Geannoteerde bibliografie

advertisement
Stijn Bannier
3122719
Spaces of (new) media
Groep 1: Hybrid spaces
Welke extra dimensie biedt Sellaband aan het muzikale netwerk met betrekking tot hybriditeit?
Geannoteerde bibliografie
Souze e Silva, Adriana de. „From Cyber to Hybrid: Mobile Technologies as Interfaces of Hybrid
Spaces.” Space and Culture (2006): 261-278.

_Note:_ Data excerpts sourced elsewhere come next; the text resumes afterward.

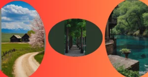 The road leads you towards a shimmering lake nestled at the foot of the mountains, and it looks like the perfect place for a picnic or just some quiet contemplation. And you know what else is cool? The trees are like giant, colorful umbrellas framing the whole scene, like they’re giving you a front-row seat to a breathtaking nature show. It’s like a real-life painting that you can walk right into!
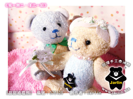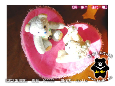 粉黃色搭配粉藍色的熊熊,搭配白色玫瑰,整體輕柔配色的熊熊呈現愛情的浪漫。加上桃紅大愛心毯子更添甜蜜的幸福感。
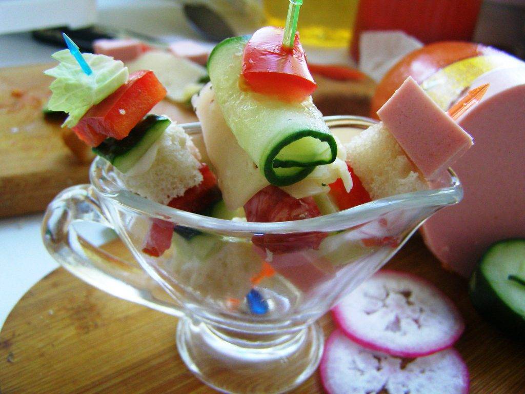 Как просто приготовить закуску из колбасы, овощей и хлеба
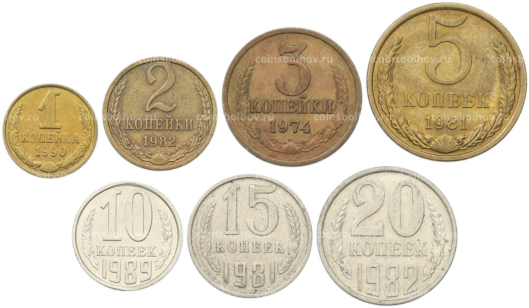 Набор монет от 1 до 20 копеек 1961-1991 годов выпуска (без редких годов и разновидностей)
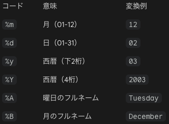 文字列スライスにおいて負数で指定する文字列スライスの場合は右端の文字の右側が0で左に向かって順に-1,-2,…と文字が小さくなります。b,d,x,f,%はそれぞれ値を2,10,16進数で表す、値を与えられた精度までの小数で出力する、値を100倍士パーセント記号がついた形式で出力します。例えば7dは右寄せ7桁幅で「 15000」などと表示されます。

Met als thema ‘hybrid spaces’, zal de Souza e Silva door iedereen aangehaald worden. Ons
vertrekpunt is haar notie van hybriditeit. Ook in mijn artikel zal ze dus aan bod komen. Omdat de
definitie al gemaakt wordt in de inleiding door Gijs, zal dat niet hoeven gebeuren, maar kan het wel
zo zijn dat er andere citaten gebruikt worden in mijn betoog.

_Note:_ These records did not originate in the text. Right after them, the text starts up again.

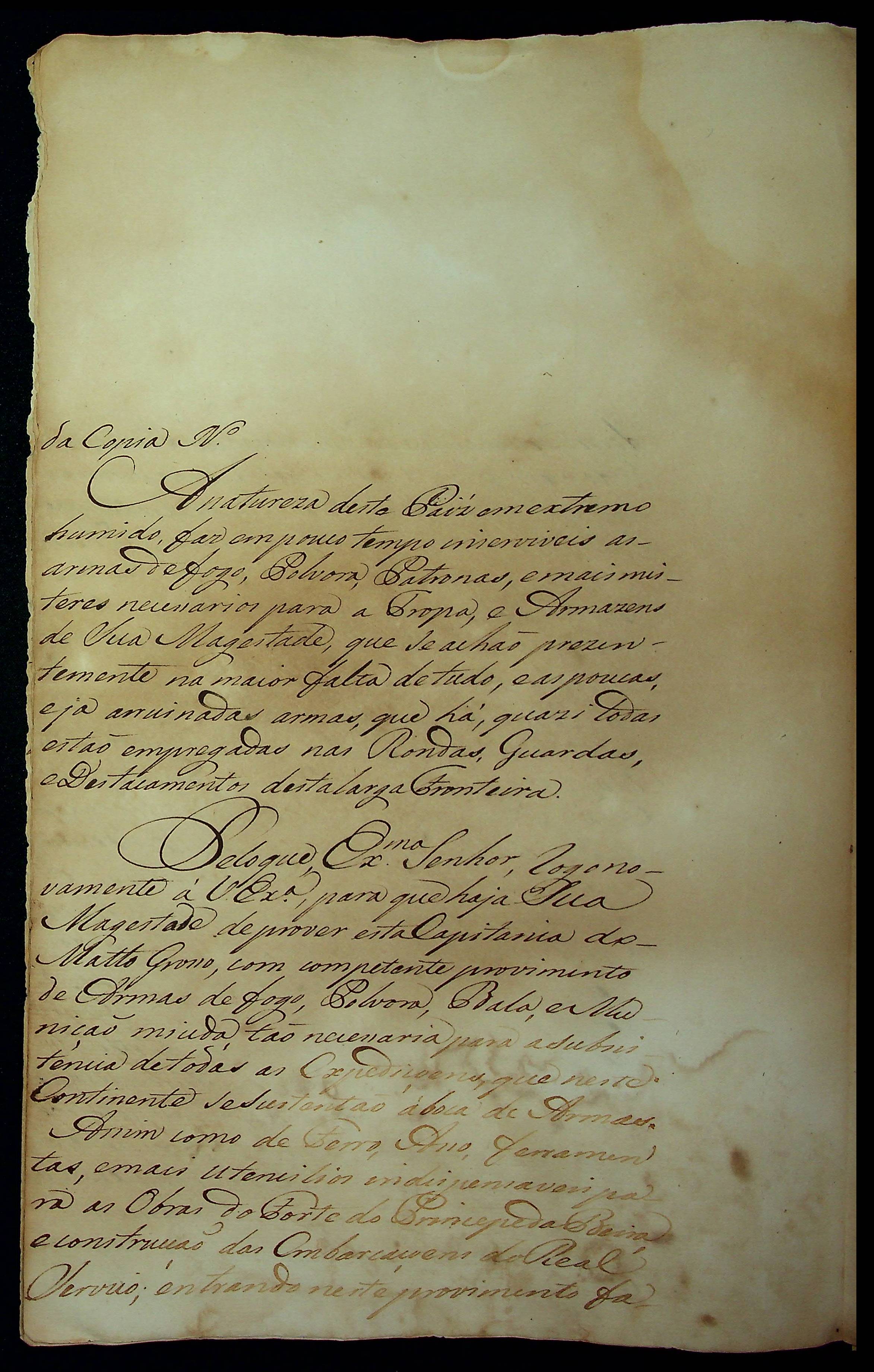 CARTA do [Governador e Capitão General da Capitania de Mato Grosso] João de Albuquerque de Mello Pereira e Cáceres ao [Secretário de Estado dos Negócios da Marinha e Ultramar] Martinho de Melo e Castro.
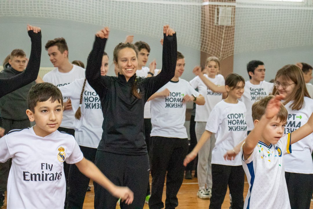 Министр спорта показала упражнения для эффективного разогрева мышц и призвала ребят делать зарядку ежедневно.
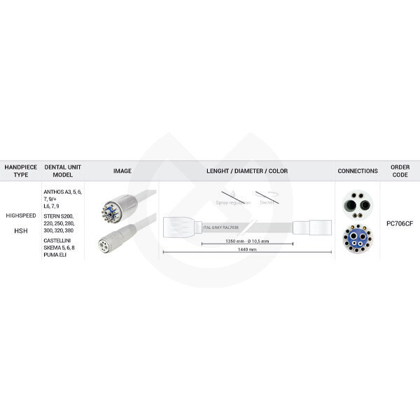 Las mangueras dentales para las unidades dentales de D-Device están hechas de silicona; son libres de látex y cumplen con el sistema de calidad UNI CEI EN ISO
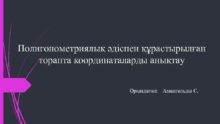 Полигонометриялық әдіспен құрастырылған торапта координаталарды анықтау Орындаған Амангельды

Harrison, Steve en Paul Dourish. „Re-Place-ing Space: The Roles of Place and Space in Collaborative
Systems.” Proceedings of the 1996 ACM conference on Computer supported cooperative work.
Massachusetts: ACM Press, 1996. 67-76.
Harrison en Dourish maken in dit artikel een verschil tussen ruimte (‘space’) en plaats (‘place’). Voor
mijn onderzoek is het van belang dat ik deze definities inleidt en gebruik bij het aantonen van de
hybriditeit van het muzikale netwerk door middel van Sellaband. Waar Harrison en Dourish dit
toepassen op communicatieve en collaboratieve omgevingen, kan dit ook toegepast worden op
Sellaband als zodanig.
Leyshon, Andrew. „Time - space (and digital) compression: software formats, musical networks,
and the reorganisation of the music industry.” Environment and Planning A (2001): 49-77.
Leyshon introduceert de quadrupel rond het muzikale network aan de hand van theorieën van Attali
en Scott. Deze viervoudige indeling zal ook terugkomen in mijn artikel met de beschrijving van het
proces van Sellaband en hoe telkens de virtuele en fysieke wereld in elkaar vervloeien tot een
hybride wereld.
Bolter, David Jay, e.a., „New Media and the Permanent Crisis of Aura.”Convergence (2006): 21-39.
In dit artikel geargumenteren Bolter e.a. dat door middel van nieuwe media en de gemixte realiteit
van de virtuele en fysieke wereld de opties vergroten for ontwerpers en artiesten om creatief te zijn.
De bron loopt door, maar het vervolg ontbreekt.